The Death of Nelson is a painting by the American artist Benjamin West dated 1806.

In 1770, West painted The Death of General Wolfe. This was not an accurate representation of the event, but rather an idealisation, and it included people who were not present at the event. Nevertheless, it became very popular, and West painted at least five copies.

In 1801, three years after the Battle of the Nile, West met Horatio Nelson, who told him how much he admired the painting of Wolfe, and asked why he had not produced any more similar paintings. West, who was at the time the President of the Royal Academy, replied that he had found no subject of comparable notability. Nelson then expressed the desire that he would be the subject of West's next similar painting. In 1805, Nelson was killed in the Battle of Trafalgar and, within six months, West had created this painting. Again it proved to be popular. When West exhibited it in his studio, within just over a month it was seen by 30,000 members of the public.
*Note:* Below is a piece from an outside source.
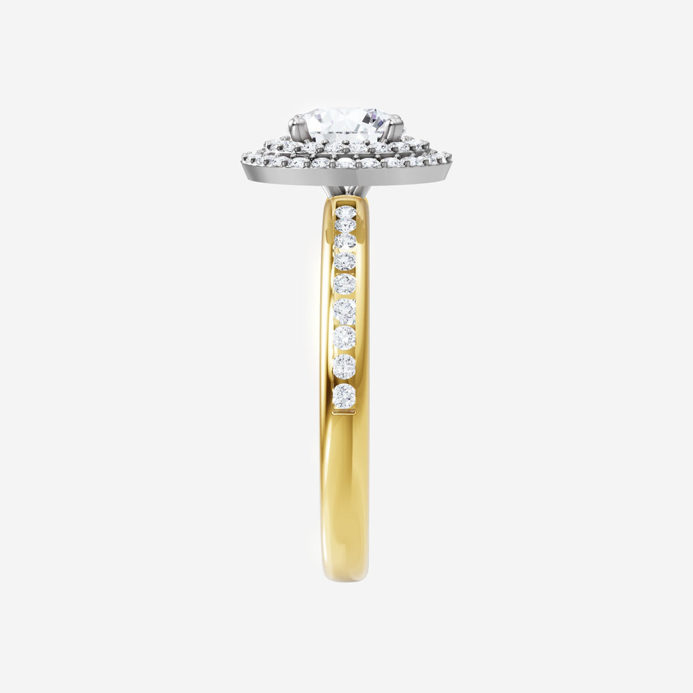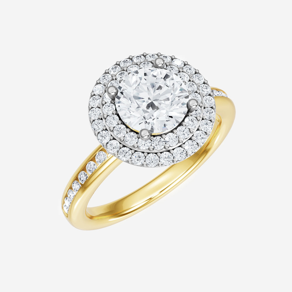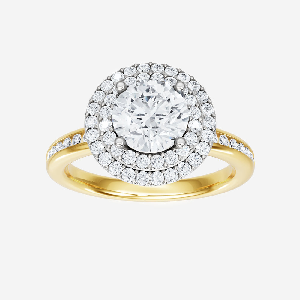 You’ve designed a ring that reflects lasting elegance and grace! Crafted from 18k Yellow White Dual Tone, this exquisite Round lab-grown diamond is the centerpiece of this unique design. This Channel Set Shank with a Double Halo head showcases the brilliance of the Round diamond, creating a timeless look. Whether as a gift or a personal treasure, this ring will forever symbolize the most meaningful moments in life.

Again it was an idealisation of the subject. Although West took considerable trouble about the accuracy of details in his painting, basing the portraits on over 50 survivors of the battle, he produced, as he admitted himself, a picture "of what might have been, not of the circumstances as they happened". West created two more paintings with Nelson as the subject, The Death of Lord Nelson in the Cockpit of the Ship "Victory" and The Immortality of Nelson, both of which are in the National Maritime Museum. West displayed the original painting at the Royal Academy Exhibition of 1811 at Somerset House.
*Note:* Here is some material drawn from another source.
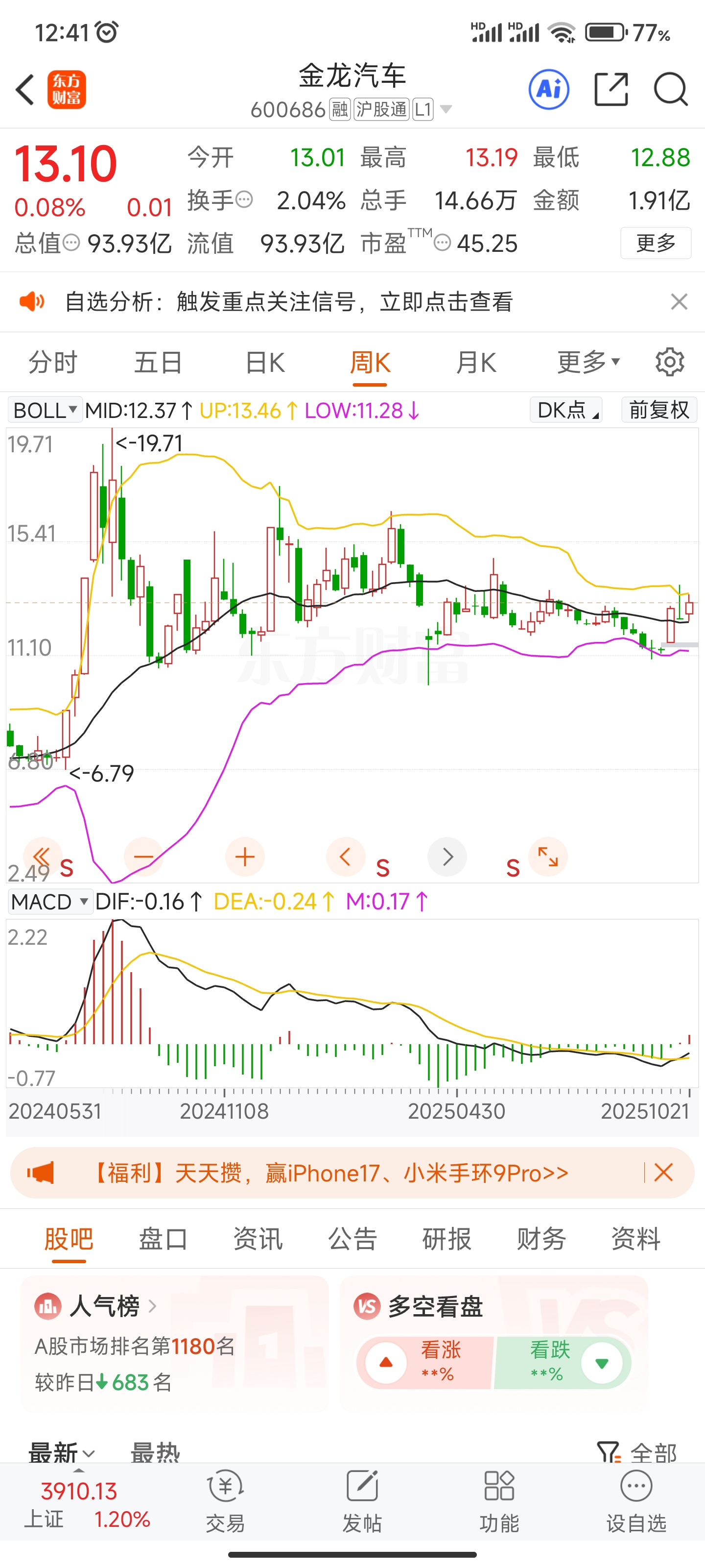 周线macd水下金叉,突破布林线压制,周线多头趋势将至,只等日线突破压力

Other artists produced works depicting the same event. One of these was Arthur William Devis who painted The Death of Nelson, 21 October 1805, now also in the National Maritime Museum. Another was The Death of Nelson by Daniel Maclise, a large wall painting in the Royal Gallery of the Palace of Westminster. The finished study for this work is owned by the Walker Art Gallery in Liverpool, Merseyside, England, having been bought by the gallery in 1892.

West's painting is in oil on canvas and measures 182.5 cm by 247.5 cm. It was presented to the Walker Art Gallery by Bristow H. Hughes.